-- COLLECTED DATA follows --

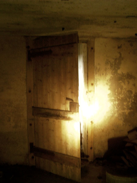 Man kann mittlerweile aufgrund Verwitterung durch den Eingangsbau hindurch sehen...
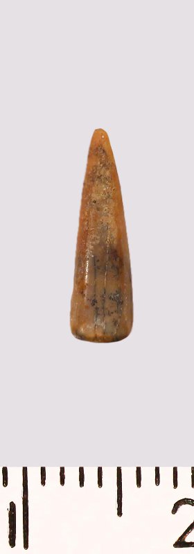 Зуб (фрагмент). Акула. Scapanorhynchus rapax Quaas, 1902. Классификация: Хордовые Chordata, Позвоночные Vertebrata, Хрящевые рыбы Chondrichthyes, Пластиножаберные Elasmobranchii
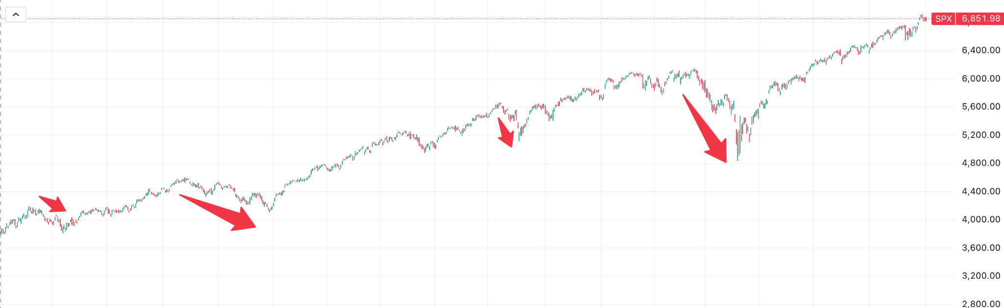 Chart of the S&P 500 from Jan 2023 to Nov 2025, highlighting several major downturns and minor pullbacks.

-- COLLECTED DATA concluded --

• [DESCRIPTION OF THE TASK]:
The complete material, set down exactly and stripped of pictures, is the expected response.

• [RESPONSE FOR THIS EXERCISE]:
 Man kann mittlerweile aufgrund Verwitterung durch den Eingangsbau hindurch sehen...
 Зуб (фрагмент). Акула. Scapanorhynchus rapax Quaas, 1902. Классификация: Хордовые Chordata, Позвоночные Vertebrata, Хрящевые рыбы Chondrichthyes, Пластиножаберные Elasmobranchii
 Chart of the S&P 500 from Jan 2023 to Nov 2025, highlighting several major downturns and minor pullbacks.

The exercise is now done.